MATERIAL FOR THE TASK -
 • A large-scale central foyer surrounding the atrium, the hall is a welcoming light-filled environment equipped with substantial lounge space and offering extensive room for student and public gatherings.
* * *
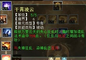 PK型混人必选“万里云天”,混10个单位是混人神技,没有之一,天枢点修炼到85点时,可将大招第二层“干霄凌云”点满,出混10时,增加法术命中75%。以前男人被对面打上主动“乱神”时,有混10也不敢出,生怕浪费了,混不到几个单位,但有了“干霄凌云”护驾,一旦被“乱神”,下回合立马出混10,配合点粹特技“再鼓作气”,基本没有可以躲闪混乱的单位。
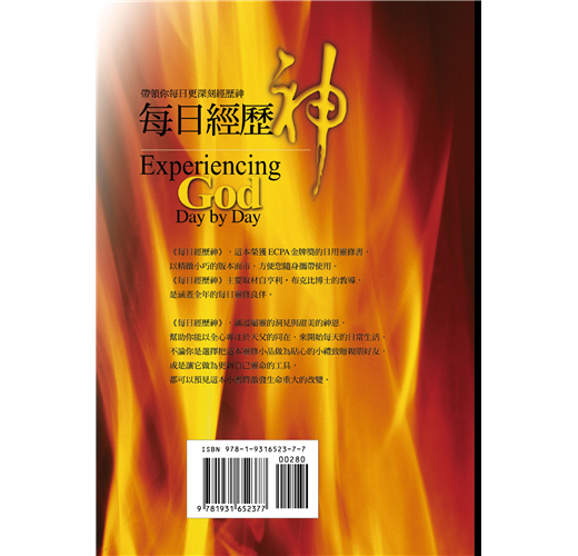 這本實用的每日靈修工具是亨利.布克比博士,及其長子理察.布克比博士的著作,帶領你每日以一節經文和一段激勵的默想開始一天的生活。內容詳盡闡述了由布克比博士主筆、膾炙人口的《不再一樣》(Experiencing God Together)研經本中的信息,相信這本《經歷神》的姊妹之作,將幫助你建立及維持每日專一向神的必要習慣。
* * *
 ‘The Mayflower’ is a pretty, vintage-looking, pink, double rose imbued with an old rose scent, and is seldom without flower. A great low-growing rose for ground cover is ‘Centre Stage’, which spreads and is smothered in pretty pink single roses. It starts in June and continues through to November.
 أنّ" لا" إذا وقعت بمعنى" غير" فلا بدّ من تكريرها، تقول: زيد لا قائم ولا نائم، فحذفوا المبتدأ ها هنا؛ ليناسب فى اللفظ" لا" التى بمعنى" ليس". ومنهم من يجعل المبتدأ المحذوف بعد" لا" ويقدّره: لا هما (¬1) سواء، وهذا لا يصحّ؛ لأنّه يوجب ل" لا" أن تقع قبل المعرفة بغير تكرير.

DESCRIPTION OF THE TASK - One stretch of the lines above is wanted, from the line that contains "through to November." through the line that contains "المعرفة بغير تكرير.". Output it exactly.

ANSWER -
 ‘The Mayflower’ is a pretty, vintage-looking, pink, double rose imbued with an old rose scent, and is seldom without flower. A great low-growing rose for ground cover is ‘Centre Stage’, which spreads and is smothered in pretty pink single roses. It starts in June and continues through to November.
 أنّ" لا" إذا وقعت بمعنى" غير" فلا بدّ من تكريرها، تقول: زيد لا قائم ولا نائم، فحذفوا المبتدأ ها هنا؛ ليناسب فى اللفظ" لا" التى بمعنى" ليس". ومنهم من يجعل المبتدأ المحذوف بعد" لا" ويقدّره: لا هما (¬1) سواء، وهذا لا يصحّ؛ لأنّه يوجب ل" لا" أن تقع قبل المعرفة بغير تكرير.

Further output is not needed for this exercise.